[WHAT TO PRODUCE] The word "Jana" occurs in some lines of the listing. Copy those lines.

[RAW DATA]
----
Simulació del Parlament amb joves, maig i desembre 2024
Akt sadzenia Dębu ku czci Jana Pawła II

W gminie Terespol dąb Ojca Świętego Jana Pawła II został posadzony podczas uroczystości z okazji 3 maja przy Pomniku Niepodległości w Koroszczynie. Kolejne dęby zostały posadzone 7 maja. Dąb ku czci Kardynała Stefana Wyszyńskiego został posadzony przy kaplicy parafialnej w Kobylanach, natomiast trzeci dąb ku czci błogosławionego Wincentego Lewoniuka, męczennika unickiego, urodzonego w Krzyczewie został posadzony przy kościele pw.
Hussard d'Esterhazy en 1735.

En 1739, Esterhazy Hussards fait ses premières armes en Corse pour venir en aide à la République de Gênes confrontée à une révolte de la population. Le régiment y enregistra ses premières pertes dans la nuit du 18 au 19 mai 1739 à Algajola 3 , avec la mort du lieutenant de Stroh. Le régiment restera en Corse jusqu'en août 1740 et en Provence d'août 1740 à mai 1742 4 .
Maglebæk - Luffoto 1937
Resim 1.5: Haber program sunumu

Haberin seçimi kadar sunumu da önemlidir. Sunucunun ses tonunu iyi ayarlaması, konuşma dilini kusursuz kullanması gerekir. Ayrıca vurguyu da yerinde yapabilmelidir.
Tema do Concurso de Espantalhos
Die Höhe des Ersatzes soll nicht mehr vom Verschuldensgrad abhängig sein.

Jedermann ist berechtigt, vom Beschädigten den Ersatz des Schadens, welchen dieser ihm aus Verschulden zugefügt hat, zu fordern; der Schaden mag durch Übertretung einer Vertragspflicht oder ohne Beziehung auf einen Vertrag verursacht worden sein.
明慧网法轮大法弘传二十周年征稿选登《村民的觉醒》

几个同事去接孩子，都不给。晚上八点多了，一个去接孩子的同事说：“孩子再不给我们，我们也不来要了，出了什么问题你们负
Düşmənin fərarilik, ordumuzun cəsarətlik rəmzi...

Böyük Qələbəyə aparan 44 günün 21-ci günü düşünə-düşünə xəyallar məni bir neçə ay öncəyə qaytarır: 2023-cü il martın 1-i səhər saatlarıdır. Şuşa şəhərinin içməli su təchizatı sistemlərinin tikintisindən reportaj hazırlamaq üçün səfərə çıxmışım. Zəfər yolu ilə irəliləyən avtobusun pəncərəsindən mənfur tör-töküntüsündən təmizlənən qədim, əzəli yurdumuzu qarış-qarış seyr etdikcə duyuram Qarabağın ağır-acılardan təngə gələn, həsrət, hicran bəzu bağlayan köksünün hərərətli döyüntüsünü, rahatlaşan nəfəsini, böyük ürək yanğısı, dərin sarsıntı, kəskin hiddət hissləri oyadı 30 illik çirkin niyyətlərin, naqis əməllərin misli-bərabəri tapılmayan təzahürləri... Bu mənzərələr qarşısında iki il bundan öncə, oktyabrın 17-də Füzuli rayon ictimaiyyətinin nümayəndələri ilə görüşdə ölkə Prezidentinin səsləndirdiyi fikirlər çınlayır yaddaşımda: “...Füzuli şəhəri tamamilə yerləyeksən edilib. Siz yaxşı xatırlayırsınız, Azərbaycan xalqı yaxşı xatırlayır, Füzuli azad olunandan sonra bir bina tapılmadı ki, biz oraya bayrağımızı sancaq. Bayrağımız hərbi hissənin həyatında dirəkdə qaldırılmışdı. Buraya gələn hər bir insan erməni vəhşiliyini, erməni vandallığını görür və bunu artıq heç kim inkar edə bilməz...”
----
[REPLY]
Akt sadzenia Dębu ku czci Jana Pawła II
W gminie Terespol dąb Ojca Świętego Jana Pawła II został posadzony podczas uroczystości z okazji 3 maja przy Pomniku Niepodległości w Koroszczynie. Kolejne dęby zostały posadzone 7 maja. Dąb ku czci Kardynała Stefana Wyszyńskiego został posadzony przy kaplicy parafialnej w Kobylanach, natomiast trzeci dąb ku czci błogosławionego Wincentego Lewoniuka, męczennika unickiego, urodzonego w Krzyczewie został posadzony przy kościele pw.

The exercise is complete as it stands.